==== Provided records
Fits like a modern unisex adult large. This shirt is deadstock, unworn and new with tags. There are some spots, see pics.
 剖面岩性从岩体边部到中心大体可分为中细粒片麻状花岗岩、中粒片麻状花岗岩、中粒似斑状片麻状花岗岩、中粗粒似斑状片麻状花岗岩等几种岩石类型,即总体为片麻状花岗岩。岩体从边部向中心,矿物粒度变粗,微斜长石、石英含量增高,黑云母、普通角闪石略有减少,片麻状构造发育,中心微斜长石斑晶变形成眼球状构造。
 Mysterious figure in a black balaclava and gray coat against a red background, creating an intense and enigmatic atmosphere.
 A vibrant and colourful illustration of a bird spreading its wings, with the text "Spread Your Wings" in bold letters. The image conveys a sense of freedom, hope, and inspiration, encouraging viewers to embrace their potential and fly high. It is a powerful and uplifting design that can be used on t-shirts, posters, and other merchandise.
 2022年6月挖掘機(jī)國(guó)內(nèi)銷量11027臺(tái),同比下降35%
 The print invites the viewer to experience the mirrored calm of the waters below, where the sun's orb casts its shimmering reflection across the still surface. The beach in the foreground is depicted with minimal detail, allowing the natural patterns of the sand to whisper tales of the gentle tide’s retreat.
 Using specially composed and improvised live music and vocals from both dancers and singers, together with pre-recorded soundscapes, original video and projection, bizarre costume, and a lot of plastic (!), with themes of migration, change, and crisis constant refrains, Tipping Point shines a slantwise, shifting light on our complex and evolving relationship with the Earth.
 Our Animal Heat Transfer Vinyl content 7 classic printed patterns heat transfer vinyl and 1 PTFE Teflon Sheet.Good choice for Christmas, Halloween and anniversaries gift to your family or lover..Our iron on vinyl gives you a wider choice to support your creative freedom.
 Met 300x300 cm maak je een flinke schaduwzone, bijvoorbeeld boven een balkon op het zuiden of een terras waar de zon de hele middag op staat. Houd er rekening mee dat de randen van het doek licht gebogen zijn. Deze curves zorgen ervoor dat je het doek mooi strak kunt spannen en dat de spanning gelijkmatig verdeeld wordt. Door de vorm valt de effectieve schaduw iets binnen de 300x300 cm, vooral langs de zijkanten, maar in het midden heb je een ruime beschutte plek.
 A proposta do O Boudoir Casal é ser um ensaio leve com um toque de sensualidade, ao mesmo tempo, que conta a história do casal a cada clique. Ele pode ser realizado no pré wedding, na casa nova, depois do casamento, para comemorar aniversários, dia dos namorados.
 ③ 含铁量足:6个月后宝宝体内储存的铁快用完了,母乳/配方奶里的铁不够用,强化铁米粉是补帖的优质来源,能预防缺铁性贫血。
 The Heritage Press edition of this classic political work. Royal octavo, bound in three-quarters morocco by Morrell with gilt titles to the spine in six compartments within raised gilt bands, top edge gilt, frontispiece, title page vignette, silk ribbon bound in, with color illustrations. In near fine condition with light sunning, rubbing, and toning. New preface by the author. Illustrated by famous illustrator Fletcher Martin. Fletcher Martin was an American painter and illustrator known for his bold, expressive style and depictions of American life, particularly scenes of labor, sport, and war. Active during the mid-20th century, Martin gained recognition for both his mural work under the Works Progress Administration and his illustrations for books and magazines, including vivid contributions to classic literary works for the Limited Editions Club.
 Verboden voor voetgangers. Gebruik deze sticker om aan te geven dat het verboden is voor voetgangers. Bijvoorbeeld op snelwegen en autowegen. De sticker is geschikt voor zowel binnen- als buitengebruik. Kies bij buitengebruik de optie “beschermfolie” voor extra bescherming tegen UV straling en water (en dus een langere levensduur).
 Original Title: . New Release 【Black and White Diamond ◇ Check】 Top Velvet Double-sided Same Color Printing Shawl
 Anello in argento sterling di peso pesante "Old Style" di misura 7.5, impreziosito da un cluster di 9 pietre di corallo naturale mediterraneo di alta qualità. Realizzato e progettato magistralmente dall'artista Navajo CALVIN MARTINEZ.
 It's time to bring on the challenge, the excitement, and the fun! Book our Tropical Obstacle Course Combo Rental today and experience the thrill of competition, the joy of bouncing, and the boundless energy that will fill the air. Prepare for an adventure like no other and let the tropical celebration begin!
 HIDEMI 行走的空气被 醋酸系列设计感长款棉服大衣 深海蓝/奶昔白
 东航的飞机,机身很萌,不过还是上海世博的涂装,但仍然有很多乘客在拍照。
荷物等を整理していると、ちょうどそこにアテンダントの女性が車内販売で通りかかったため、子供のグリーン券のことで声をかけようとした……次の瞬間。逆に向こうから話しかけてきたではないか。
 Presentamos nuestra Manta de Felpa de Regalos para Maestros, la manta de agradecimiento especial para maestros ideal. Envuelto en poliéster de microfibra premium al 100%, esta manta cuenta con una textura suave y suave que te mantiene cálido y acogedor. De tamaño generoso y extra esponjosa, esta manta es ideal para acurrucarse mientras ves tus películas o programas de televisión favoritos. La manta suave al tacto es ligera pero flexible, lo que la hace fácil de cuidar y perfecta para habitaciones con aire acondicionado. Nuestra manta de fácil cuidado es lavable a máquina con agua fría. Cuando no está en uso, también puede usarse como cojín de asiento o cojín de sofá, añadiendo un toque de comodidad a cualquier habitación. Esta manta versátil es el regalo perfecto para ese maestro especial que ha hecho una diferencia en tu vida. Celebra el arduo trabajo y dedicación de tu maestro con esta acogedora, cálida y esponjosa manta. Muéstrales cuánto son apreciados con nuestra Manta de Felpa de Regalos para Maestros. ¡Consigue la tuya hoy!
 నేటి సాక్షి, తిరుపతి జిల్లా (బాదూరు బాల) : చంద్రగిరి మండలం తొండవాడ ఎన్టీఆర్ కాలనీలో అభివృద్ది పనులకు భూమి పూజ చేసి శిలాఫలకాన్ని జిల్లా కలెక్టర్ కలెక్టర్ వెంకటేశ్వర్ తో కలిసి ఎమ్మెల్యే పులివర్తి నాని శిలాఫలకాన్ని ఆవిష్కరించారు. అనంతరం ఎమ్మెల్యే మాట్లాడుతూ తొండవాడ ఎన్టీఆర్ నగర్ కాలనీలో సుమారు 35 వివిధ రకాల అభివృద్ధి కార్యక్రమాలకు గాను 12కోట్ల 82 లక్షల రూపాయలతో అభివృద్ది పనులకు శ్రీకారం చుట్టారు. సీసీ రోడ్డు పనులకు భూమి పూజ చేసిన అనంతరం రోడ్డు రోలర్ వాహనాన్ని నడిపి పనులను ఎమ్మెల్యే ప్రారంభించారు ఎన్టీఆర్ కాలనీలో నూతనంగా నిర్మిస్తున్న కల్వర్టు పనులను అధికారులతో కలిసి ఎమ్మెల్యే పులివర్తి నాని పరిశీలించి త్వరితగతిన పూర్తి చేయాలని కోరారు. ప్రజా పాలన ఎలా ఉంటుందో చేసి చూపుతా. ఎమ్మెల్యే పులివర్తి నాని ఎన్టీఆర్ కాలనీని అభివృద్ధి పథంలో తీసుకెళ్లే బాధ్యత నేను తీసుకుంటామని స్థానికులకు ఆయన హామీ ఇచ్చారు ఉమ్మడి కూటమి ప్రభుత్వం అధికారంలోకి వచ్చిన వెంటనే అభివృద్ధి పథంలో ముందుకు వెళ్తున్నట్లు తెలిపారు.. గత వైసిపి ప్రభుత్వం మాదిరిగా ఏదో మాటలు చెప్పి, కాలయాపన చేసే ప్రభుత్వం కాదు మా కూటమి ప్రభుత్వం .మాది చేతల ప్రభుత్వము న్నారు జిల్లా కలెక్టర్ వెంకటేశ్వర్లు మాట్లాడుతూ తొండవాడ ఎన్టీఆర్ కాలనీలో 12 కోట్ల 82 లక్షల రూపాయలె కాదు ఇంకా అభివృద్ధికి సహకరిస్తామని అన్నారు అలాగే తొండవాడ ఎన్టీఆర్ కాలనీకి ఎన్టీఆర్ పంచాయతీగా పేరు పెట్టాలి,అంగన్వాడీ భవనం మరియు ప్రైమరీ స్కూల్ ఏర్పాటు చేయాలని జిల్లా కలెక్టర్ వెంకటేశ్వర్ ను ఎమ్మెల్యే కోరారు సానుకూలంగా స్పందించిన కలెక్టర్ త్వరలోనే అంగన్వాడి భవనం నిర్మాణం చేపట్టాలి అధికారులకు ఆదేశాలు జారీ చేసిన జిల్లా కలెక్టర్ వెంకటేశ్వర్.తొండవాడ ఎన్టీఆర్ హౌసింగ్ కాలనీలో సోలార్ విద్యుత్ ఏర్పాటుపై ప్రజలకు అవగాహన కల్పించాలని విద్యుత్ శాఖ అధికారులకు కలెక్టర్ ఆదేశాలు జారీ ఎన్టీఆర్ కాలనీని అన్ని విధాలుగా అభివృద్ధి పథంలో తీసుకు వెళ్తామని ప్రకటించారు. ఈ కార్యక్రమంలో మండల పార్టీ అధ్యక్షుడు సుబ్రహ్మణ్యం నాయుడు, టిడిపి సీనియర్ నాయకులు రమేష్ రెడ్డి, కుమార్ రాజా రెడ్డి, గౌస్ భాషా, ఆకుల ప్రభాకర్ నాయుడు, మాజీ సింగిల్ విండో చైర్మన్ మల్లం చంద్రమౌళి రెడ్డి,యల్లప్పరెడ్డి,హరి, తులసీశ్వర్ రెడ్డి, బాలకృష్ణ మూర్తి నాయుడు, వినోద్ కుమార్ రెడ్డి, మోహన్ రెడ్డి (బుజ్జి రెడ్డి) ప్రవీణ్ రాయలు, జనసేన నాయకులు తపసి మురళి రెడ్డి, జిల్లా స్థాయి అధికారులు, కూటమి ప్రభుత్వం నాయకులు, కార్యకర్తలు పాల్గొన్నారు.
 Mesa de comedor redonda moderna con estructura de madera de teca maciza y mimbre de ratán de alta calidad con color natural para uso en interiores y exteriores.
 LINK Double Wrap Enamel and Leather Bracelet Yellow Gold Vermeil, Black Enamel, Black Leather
========
= Activity =
Tally every line of the entries that contains the word "experience", and respond with that number only.

= Response to this task =
2